The Diesel Motor Records album, released Oct. 15 in Europe, is available in the United States at Amazon.com and other online stores.

“It wasn’t shaped to be a release,” Neuwirth said recently. “I was talking about these two Cuban bands I had heard and someone overheard me in a restaurant and said I should meet this woman who’s doing a cultural exchange program with Cuban musicians.

“It was just a bunch of fortuitous coincidences. She said, ‘I’m going to Havana, why don’t you give me a couple of records and I’ll take them down there?’ She heard these records and said, ‘You should meet José Maria, he’s more of your generation.’ His son, being a professor, translated the words to the songs and I got an email back saying ‘Let’s meet’ when José Maria came to Massachusetts.”

When the two met backstage at a performance, they both started laughing, “which is always a good sign,” Neuwirth says. It was then that Vitier, whose score for the Cuban film “Fresa y Chocolata (Strawberries and Chocolate)” was nominated for an Oscar, suggested they work together.

“I was blown away,” Neuwirth said, “because by then I had been made aware of ‘Missa Cubana,’ the Cuban masses he wrote for the pope’s visit (to Cuba in 1998). I was also further made aware of the fact that he wasn’t just a jazz player, he was a composer. He had done all these ballet and film scores.

“I thought, ‘Why not?’ I’ll take a tape recorder with me, we’ll sit around the kitchen table, tap on some bongos and sing ‘Guantanamera.’ When I got down there (to Cuba), to his house out in the country, I was playing some songs for him. He said, ‘You know, Bob, you don’t play the sounds the same way twice.’ I said, ‘Yeah, that’s sort of where I come from, get up on the stage and do whatever happens.’ He kind of looked at me with a semi-sad look and said, ‘We have much work to do.’ Whereupon, he proceeded to whip my ass into shape. He is a task master, and he wrote everything down. As I’d be singing a song, he’d be arranging it and writing all the notes out.”

Vitier then assembled a talented lineup of musicians, such as guitarist Rey Guerra, nuevo trova master Silvio Rodriguez and percussionist Emilio del Monte Jr.

The nine tracks on “Havana Midnight,” particularly “Dead Man’s Clothes” and “Havana Farewell,” have an alluring melancholy about them.

The cultural exchange proved to be a career experience for Neuwirth, and that says a lot, considering his background. He has worked with k.d. lang, Robert Earl Keen and Peter Case and produced albums for T-Bone Burnett and Vince Bell. He emerged from the Cambridge, Mass., folk-blues scene in the 1960s, eventually working with Bob Dylan, and with his art background, he helped film the Monterey and Toronto pop festivals with D.A. Pennebaker. He also toured with Kris Kristofferson, taught Kristofferson’s “Me and Bobby McGee” to good friend Janis Joplin and co-wrote “Mercedes Benz” with her.

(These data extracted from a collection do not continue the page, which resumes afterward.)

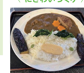
いっずんカレー(商店街スタンプラリー)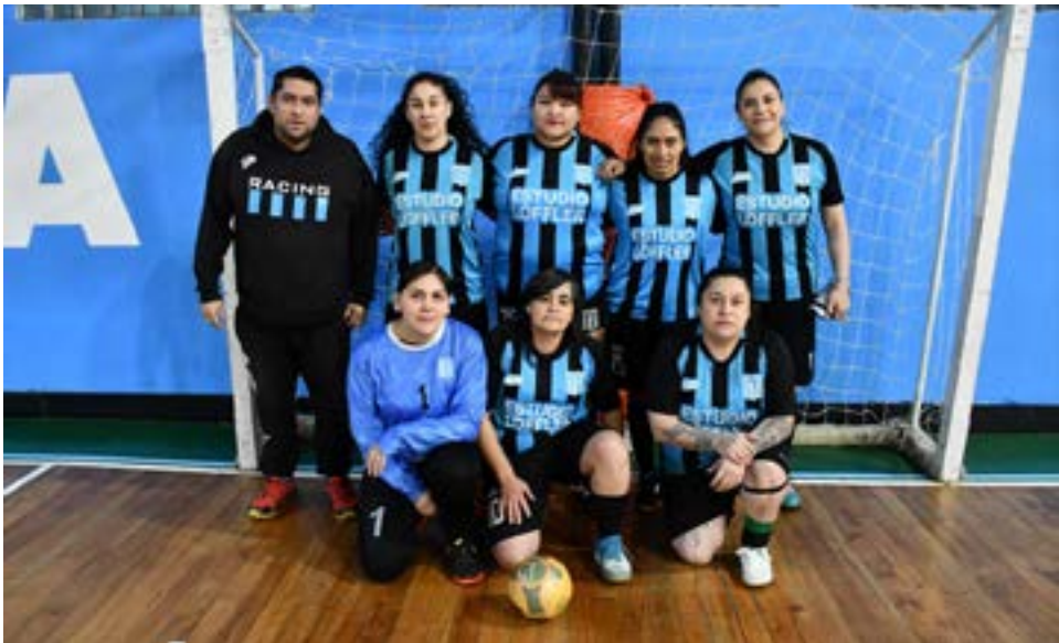
El equipo de Racing RG, primera división “A”.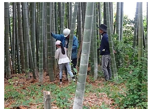
モウソウの伐倒体験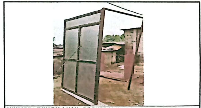
SUMIISTRO E INSTALACION DE PUERTA METALICA DE 2.27*1.06

Observación: Si es necesario se pueden agregar hojas adicionales y actualizar el número de hojas.

“I loved Janis, she was like my sister, in many ways,” Neuwirth said. “I don’t think she realized her potential. I think it was a big mistake what happened to her; I don’t think she was of that frame of mind (to kill herself) and do it on purpose. I knew she had been clean and would flirt with (drugs) again. Everyone thinks they’re handsome and bulletproof when they’re on a winning thing.

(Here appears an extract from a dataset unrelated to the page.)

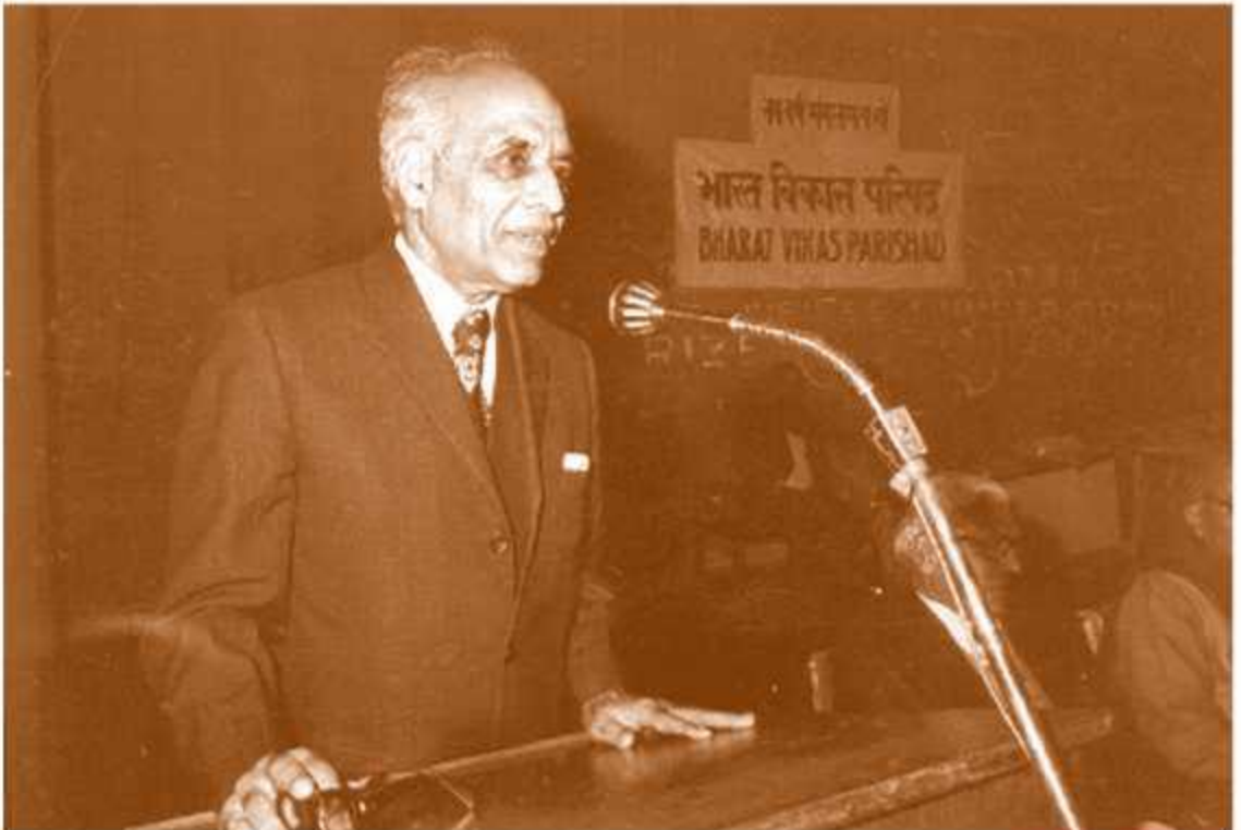
न्या. एच. आर. खन्ना

“Her record (‘Pearl’) wasn’t finished yet, and she really wanted to finish it. They had to make that record out of work vocals. And that’s how ‘Mercedes Benz’ ended up on there, because they needed more material to fill it out.

“I think if she was around today, she wouldn’t be out there making a fool of herself. She’d be out there commanding respect. She’d be a wonderful singer by now and a really, really good writer by now. I think she’d be writing stuff that’d scare little girls.”